Forniceal rupture of the kidney in pregnancy is an uncommon entity. Pregnancy induced physiological changes predispose to this condition. Due to its relative rarity, management and treatment of this condition is often unclear.

2. Case Presentation

We present a case of a 26-year-old pregnant female (G1P0) who presents at 23 weeks of gestation complaining of acute right sided flank pain for one day with no other associated symptoms such as fever or dysuria. Her physical exam was remarkable for right costovertebral angle tenderness. The patient’s chemistry and hematologic laboratory values remained normal (Table 1). She was admitted with an impression of pyelonephritis and was started on antibiotics. Imaging studies including renal ultrasound, CT (Figure 1), and MRI were performed which revealed a right forniceal rupture with no evidence of nephrolithiasis. The initial aspiration of the fluid returned a sterile culture. She improved symptomatically with conservative therapy and was discharged home. However, four days later, she returned to a different hospital with similar complaints of right flank pain. A repeat CT scan revealed a urinoma measuring 17.5 cm. The urinoma was subsequently drained followed by the placement of a nephrostomy tube. The patient improved symptomatically and was discharged home. She was to follow up in outpatient urology, renal, and obstetric clinics. The patient continued to be symptom-free for the rest of the pregnancy and delivered at 37 weeks via a spontaneous vaginal delivery. The nephrostomy tube remained in through the remainder of the pregnancy with careful monitoring for infection; it was removed successfully two weeks postpartum.

3. Discussion

To qualify as a spontaneous forniceal rupture, the following criteria must be met: the absences of recent ureteric instrumentation, surgery, external trauma, a destructive kidney lesion, kidney stones, or external compression [1]. In a retrospective review of 108 cases of forniceal rupture diagnosed by CT scan, the causes were ureteric stones in 80 cases (74.1%), malignant extrinsic ureteric compression in nine cases (8.3%), benign extrinsic ureteric compression in two cases (1.9%), pelvic-ureteric junction obstruction in two cases (1.9%), vesicoureteric junction obstruction in one case (0.9%), bladder outlet obstruction in one case (0.9%), and iatrogenic causes in four cases (3.7%) [2]. In fact, no definitive cause was found in nine cases (8.3%). Pregnancy has been described as a much more rare cause of forniceal rupture [3]. Pregnancy with a solitary kidney, however, has also been reported to result in forniceal rupture [4].
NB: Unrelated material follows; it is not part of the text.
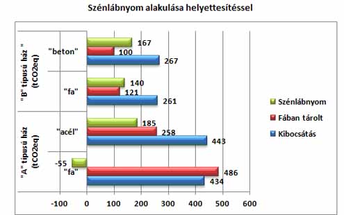 Minden termék teljes életútja több szakaszból áll (pl. ház esetében: gyártás-építés, használat-felújítás és életút végi bontás-hulladékkezelés), ezért a tényleges helyettesítési potenciál meghatározásához az összes szakasz ÜHG kibocsátásait figyelembe kell venni. A hagyományos építésű házak szénlábnyoma mindig pozitív és annál nagyobb minél energiaintenzívebb alapanyagból készül. Ezért a faszerkezettel történő helyettesítésnek is akkor van nagyobb hozadéka, ha ezeket a nagy energia igényű elemeket helyettesítjük. Az alábbi példában két családi ház ("A" típus kétszintes 192 m2, "B" típus egyszintes 200 m2) esetében 75 éves élettartamot figyelembe véve, teljes életútelemzéssel (LCA) vizsgálták meg a helyettesítési potenciál alakulását. Az "A" típusú háznál acél helyett használtak faanyagot, míg a "B" típusú háznál könnyűbeton helyett. A változatok szénlábnyomának alakulását egyszerű diagram mutatja.
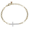 Sterling Silver Gold Plated CZ Paperclip Cross Bracelet

It is surmised that forniceal rupture is a safety valve for alleviation of increased intrapelvic pressure. According to Laplace’s law (Tension = Pressure × Radius) the tensile stress that accumulates within a dilated collecting system would increase with size, thereby causing earlier forniceal rupture in a more dilated system [2]. A pressure that exceeds the tensile strength of forniceal tissues leads to rupture and extravasation of urine. Ultimately, this phenomenon is meant to be renoprotective by decreasing pressure in the collecting system [5].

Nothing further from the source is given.